Da prática que conhecemos, o passe pode ser feito a partir das seguintes sequências.

Iniciar fazendo-se a limpeza do corpo perispiritual de quem o recebe, por meio de movimentos longitudinais com as mãos ao longo do corpo do assistido. O passista inicia estes movimentos na cabeça e prolonga-os pela zona frontal do tronco (tórax e abdómen). O movimento sugerido faz-se de cima para baixo e não de forma inversa. Repetir até três vezes estes movimentos.

Preparado o corpo perispiritual para a receção dos fluídos inicia-se a sequência seguinte. O passista impõe as suas mãos sobre a parte superior da cabeça do assistido (centro vital principal do corpo perispiritual do indivíduo), concentrando aí a energia. É importante notar que Jesus, de forma análoga, curou muitos doentes impondo aí as suas mãos.

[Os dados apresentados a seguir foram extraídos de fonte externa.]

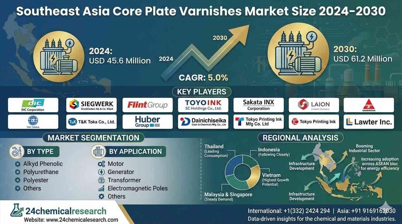 Core plate varnishes, essential insulating coatings for electrical steel laminations in transformers and motors, are gaining traction across Southeast Asia. The market's steady expansion mirrors the region's rapid infrastructure development, particularly in power generation and distribution sectors. While Thailand and Vietnam emerge as primary growth engines, the entire ASEAN bloc shows increasing adoption of these specialized coatings to enhance energy efficiency in electrical equipment.

Em seguida, o passista movimenta uma das mãos e aplica-a sobre o frontal da cabeça (segundo centro vital) permanecendo a outra sobre a parte superior da cabeça. Depois de concentrar energia por breves instantes nesses dois centros vitais inicia o movimento de cima para baixo passando suavemente e lentamente sobre os restantes cinco pontos de captação energética do corpo. Fá-lo descendo da zona da cabeça (coronário e frontal), para a zona da garganta (laríngeo), passando depois pelas zonas do coração (cardíaco), do baço (esplénico), da barriga (gástrico) e finalmente do baixo-ventre (genésico), detendo-se alguns instantes em cada um dos referidos pontos.

A última sequência do passe consiste na dispersão da energia por todo o corpo perispiritual de modo a que esta não fique concentrada nos centros vitais, o que poderia causar algum desconforto ao assistido. O passista deve então efetuar movimentos idênticos aos utilizados no início do passe – conduzindo ambas as mãos ao longo do corpo do assistido de cima para baixo. Os movimentos devem ser suaves. Caso contrário, em vez de se contribuir para o espalhar da energia estar-se-ia a removê-la do assistido.

Por fim, alertar a pessoa quando o passe termina, por exemplo, tocando-lhe no ombro e eventualmente dizendo-lhe: “muita paz”. Notar ainda, a título de exemplo, que a mobilização de energia junto do cardíaco em pessoas de alguma idade pode não ser muito benéfica, pelo que se deve evitar a retenção das mãos sobre essa zona.

Relativamente ao trabalhador da casa espírita, não há necessidade deste receber passe no final dos respetivos trabalhos uma vez que à medida que aplica o passe, este vai sendo automaticamente fortalecido de fluidos salutares transmitidos pelas equipas espirituais que o assistem.

Note-se também que se o passista estiver em condições físicas e espirituais sadias e o trabalho for devidamente orientado, mesmo que o passista sinta algum cansaço físico, isso não corresponde a desgaste fluídico.

É ainda de salientar que se devem evitar os passes em domicílio para não favorecer o comodismo do assistido. No entanto, em casos de doença grave ou impossibilidade total do assistido em se dirigir à casa espírita, sim, o passe deve ser ministrado no seu lar, e, se possível, por uma pequena equipa, enquanto perdurar o impedimento. Sendo o passe um ato de amor, este não deve ser negado ou evitado quando se identifique a possibilidade de alívio na sua ação.

Face aos descrito relativamente à mobilização do magnetismo humano e espiritual percebem-se as diferenças entre o passe na Casa Espírita e outros eventualmente ministrados noutros contextos, nomeadamente se houver algum interesse material (pagamento) pela sua execução, ou ainda se não houver uma boa envolvente espiritual (uma equipa).

Porém, o passe é um ato de ajuda e não se destina somente a quem compreende o espiritismo, ou se interessa pelo seu conhecimento. Este deve ser dirigido pela intenção e fé na ajuda a prestar. “A cada um segundo as suas obras”, pelo que independentemente da crença ou compreensão do que é transcendente à pessoa, Deus sempre assiste, pois, “…muito embora uma pessoa desejosa de fazer o bem não acredite em Deus, Deus acredita nela”.

 

Referências

[1] Recuperado de http://www.it.uc.pt/ps/pspub/es97cp01.pdf.

[2] HIPÓCRITES, apud, De’Carli, 1998, p. 55.

[3] Recuperado de https://pt.wikipedia.org/wiki/Magnetismo_animal#cite_ref-37.

[4] Recuperado de http://www.camilleflammarion.org.br/passe_espirita.htm.

[5] VIEIRA, W., pelo Espírito André Luiz, Conduta Espírita, FEB, 1960.